Selain JK, hadir juga sejumlah pejabat lainnya di sana seperti Menteri Koordinator Bidang Perekonomian Darmin Nasution selaku tuaj n rumah acara, Menteri Keuangan Sri Mulyani Indrawati, Gubernur Bank Indonesia Perry Warjiyo, hingga Kepala BKPM Thomas Prikasih Lembong. Hadir juga di sana Ketua Umum Kadin Indonesia Rosan Roeslani.
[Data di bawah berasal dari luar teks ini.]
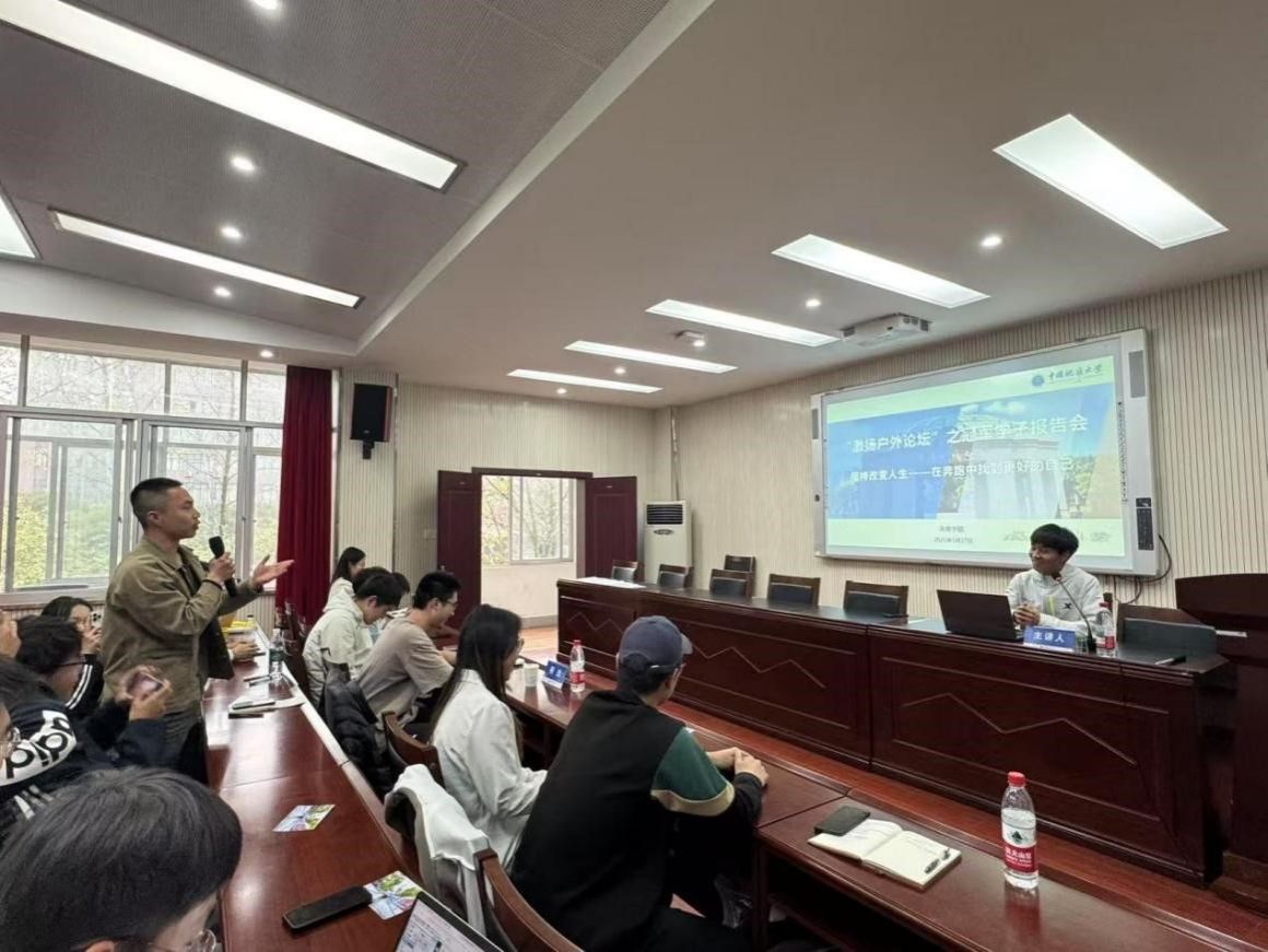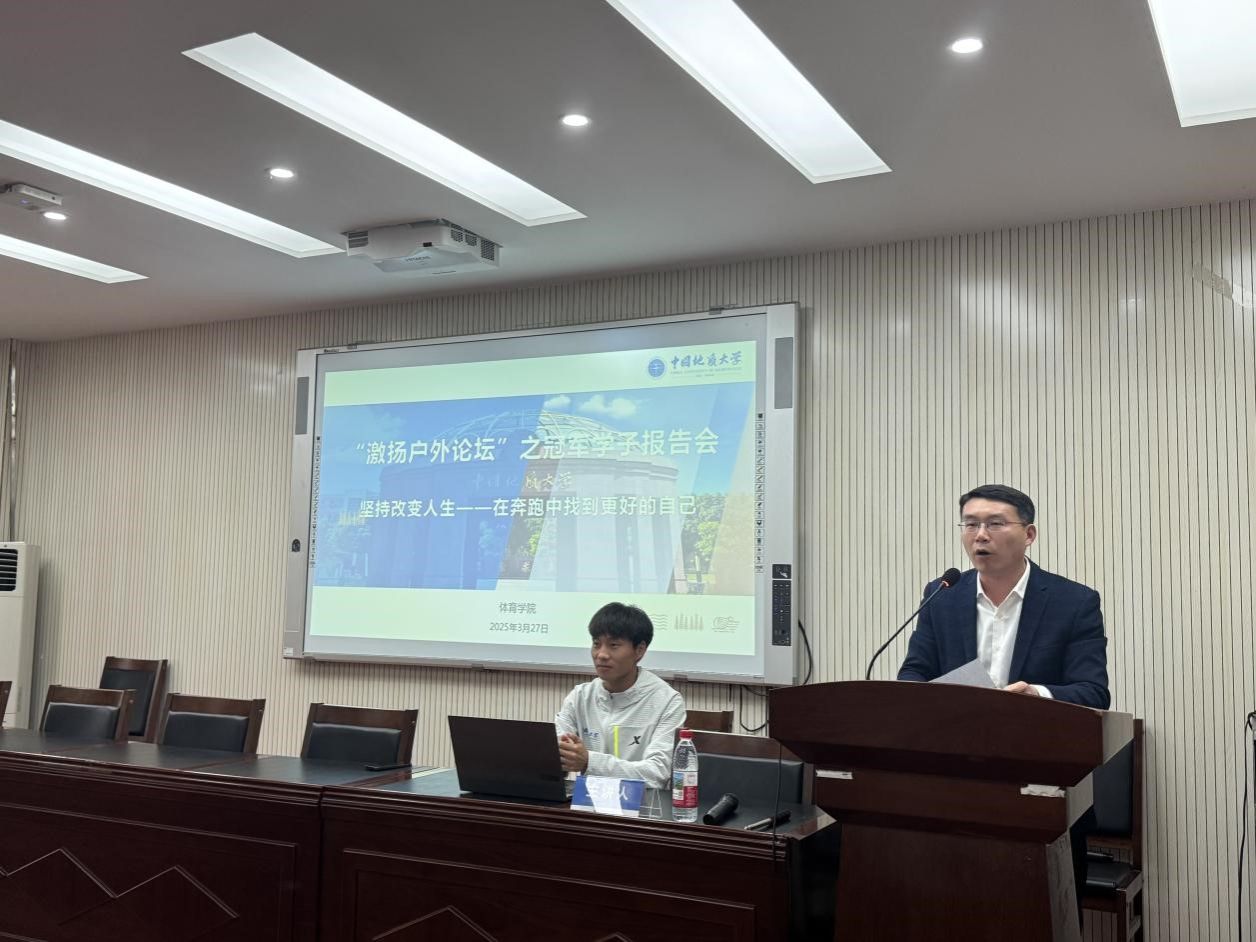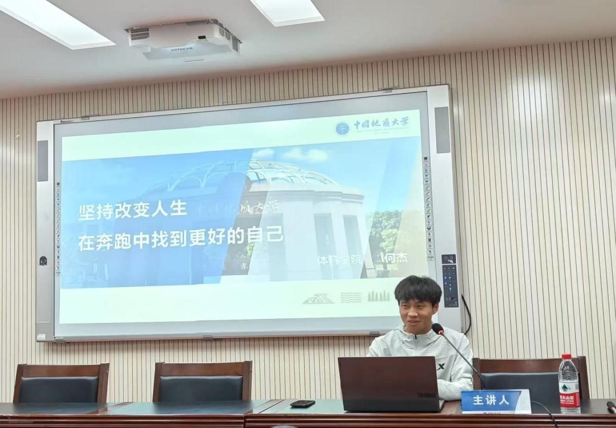 朱军总结讲话。他表示何杰在本次交流中,不仅分享跑步经验与人生感悟,更传递了坚持与热爱的精神。奔跑者的坚持精神,如同火炬般照亮前行之路。青年学生应向何杰同学学习,发扬地大“艰苦朴素,求真务实”的校训精神和攀登精神,不畏艰难,勇于挑战,追求卓越,勇攀人生和事业的高峰,为中国式现代化建设贡献青春力量。
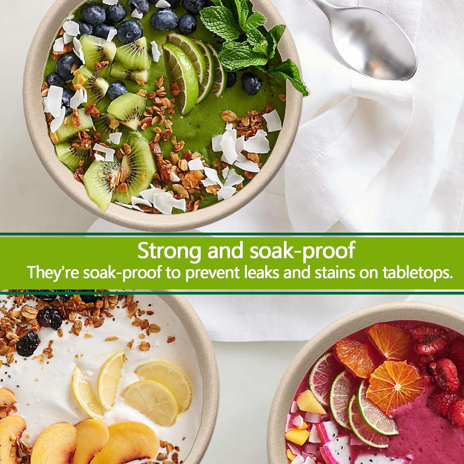 Homestockplus [50 Pack] 24 Oz Disposable Paper Bowls - Heavy Duty Disposable Bowls - Made from Natural Bagasse for Cereal, Rice, French Fries - Convenient and Compostable
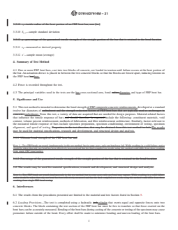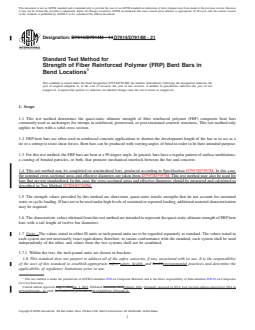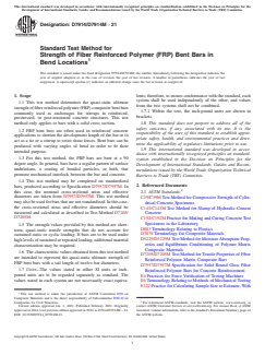 SIGNIFICANCE AND USE 5.1 This test method is intended to determine the bend strength of FRP composite concrete reinforcements, developed at a standard twelve bar diameters of embedment. From this test, a variety of data are acquired that are needed for design purposes. Material-related factors that influence the tensile response of bars include the following: constituent materials, void content, volume percent reinforcement, methods of fabrication, and fiber reinforcement architecture. Similarly, factors relevant to the measured tensile response of bars include specimen preparation, specimen conditioning, environment of testing, specimen alignment, and speed of testing. The results may be used for material specifications, research and development, and structural design and analysis. Note 1: Two FRP bends are tested simultaneously in this test method, but in some cases, only one bend may fail. While resulting in a valid failure, notice should be taken that only one bend has been effectively measured and that the final compiled test results using this method could differ from those resulting from single FRP bend testing. SCOPE 1.1 This test method determines the quasi-static ultimate strength of fiber reinforced polymer (FRP) composite bent bars commonly used as anchorages for stirrups in reinforced, prestressed, or post-tensioned concrete structures. This test method only applies to bars with a solid cross section. 1.2 FRP bent bars are often used in reinforced concrete applications to shorten the development length of the bar or to act as a tie or a stirrup to resist shear forces. Bent bars can be produced with varying angles of bend in order to fit their intended purpose. 1.3 For this test method, the FRP bars are bent at a 90 degree angle. In general, bars have a regular pattern of surface undulations, a coating of bonded particles, or both, that promote mechanical interlock between the bar and concrete. 1.4 This test method may be completed on standardized bars, produced according to Specification D7957/D7957M. In this case, the nominal cross-sectional areas and effective diameters are taken from D7957/D7957M. This test method may also be used for bars that are not standardized. In this case, the cross-sectional areas and effective diameters should be measured and calculated as described in Test Method D7205/D7205M. 1.5 The strength values provided by this method are short-term, quasi-static tensile strengths that do not account for sustained static or cyclic loading. If bars are to be used under high levels of sustained or repeated loading, additional material characterization may be required. 1.6 The characteristic values obtained from this test method are intended to represent the quasi-static ultimate strength of FRP bent bars with a tail length of twelve bar diameters. 1.7 Units—The values stated in either SI units or inch-pound units are to be regarded separately as standard. The values stated in each system are not necessarily exact equivalents; therefore, to ensure conformance with the standard, each system shall be used independently of the other, and values from the two systems shall not be combined. 1.7.1 Within the text, the inch-pound units are shown in brackets. 1.8 This standard does not purport to address all of the safety concerns, if any, associated with its use. It is the responsibility of the user of this standard to establish appropriate safety, health, and environmental practices and determine the applicability of regulatory limitations prior to use. 1.9 This international standard was developed in accordance with internationally recognized principles on standardization established in the Decision on Principles for the Development of International Standards, Guides and Recommendations issued by the World Trade Organization Technical Barriers to Trade (TBT) Committee.
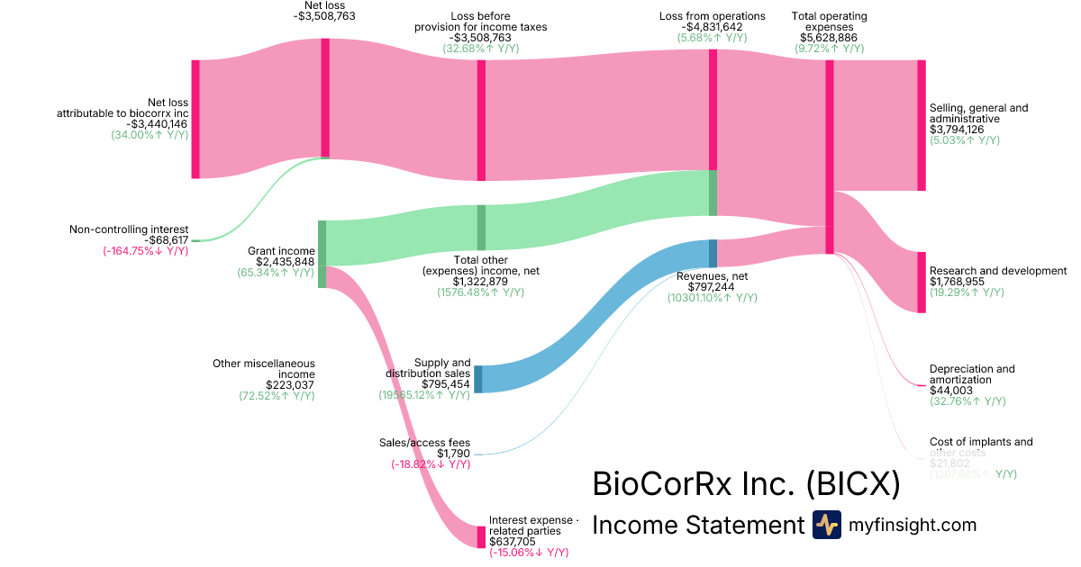 For the year ending 2025-12-31, BICX made $797,244 in revenue. -$3,440,146 in net income. Net profit margin of -431.50%.
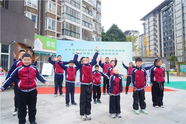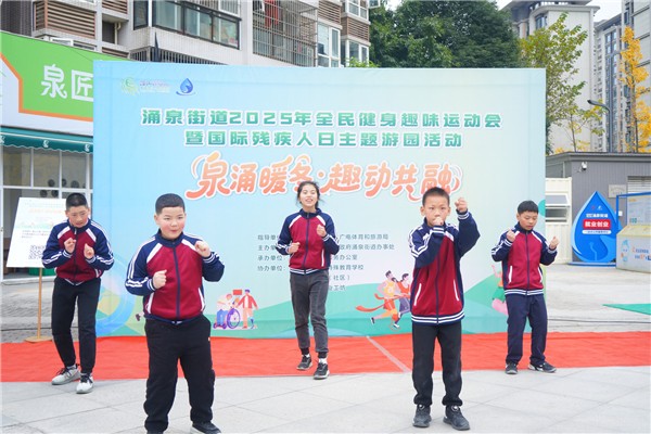 2025年12月3日下午,温江区涌泉街道“泉涌暖冬·趣动共融”2025年冬季趣味运动会在泉匠·融乐家园广场正式拉开帷幕。成都市温江区特殊教育学校(以下简称:温江特校)的师生们通过暖场表演与校坊友谊赛的双重参与,成为本届运动会中备受瞩目的“温暖主角”。
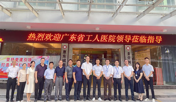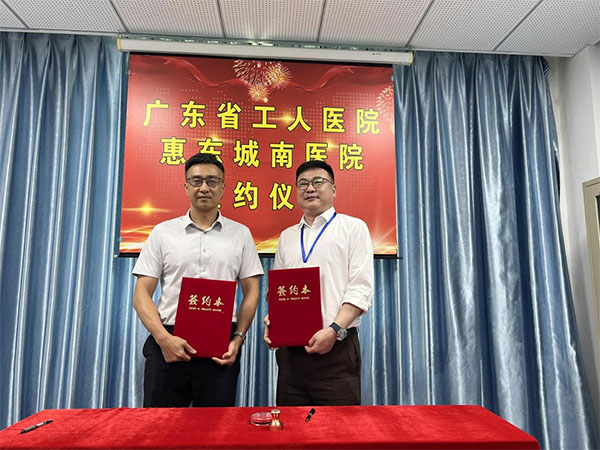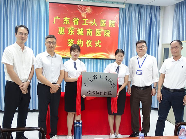 9月2日至3日广东省工人医院、惠东城南医院在惠东县签署医疗技术合作协议并举行“广东省工人医院技术协作医院”揭牌仪式。广东省工人医院党委书记、院长黄刚、党委副书记谢锐君,广东劳模疗休养基地总经理潘文光,惠东城南医院院长原浩锋及相关科室负责人参加交流活动和签约仪式。

Mereka berkumpul di Hotel Borobudur dalam rangka memperingati hari ulang tahun ke-53 Kementerian Koordinator Bidang Perekonomian dan hari ulang tahun ke-74 Kemerdekaan Republik Indonesia.


Dalam seminar tersebut para pejabat akan membahas berbagai hal di sektor ekonomi. Sri Mulyani misalnya, akan membahas kebijakan fiskan untuk mendorong transformasi ekonomi, lalu ada Perry Warjiyo yang akan membahas kebijakan moneter untuk transformasi ekonomi.

"Acara ini kita laksanakan sehubungan dengan ulang tahun Kementerian Koordinator Bidang Ekonomu yang ke-53. Pemerintahan sudah memasuki tahun kinerjanya kita mampu mewujudkan pertumbuhan mungkin bukan yang paling tinggi, tapi cukup baik di antara berbagai negara dalam lingkungan global yang memang sedang bergejolak," kata Darmin dalam sambutannya di lokasi.

Kemudian pada seminar di sesi siang hari, acara ini akan dihadiri Menteri Perdagangan Enggartiasto Lukita, Menteri Ketenagakerjaan Hanif Dhakiri, Menteri Agraria dan Tata Ruang Sofyan Djalil, hingga Ketua Asosiasi Pengusaha Indonesia Hariyadi Sukamdani.


Sama seperti di sesi pertama, rencananya seminar sesi kedua itu akan membahas berbagai strategi serta kebijakan untuk mendorong transformasi ekonomi.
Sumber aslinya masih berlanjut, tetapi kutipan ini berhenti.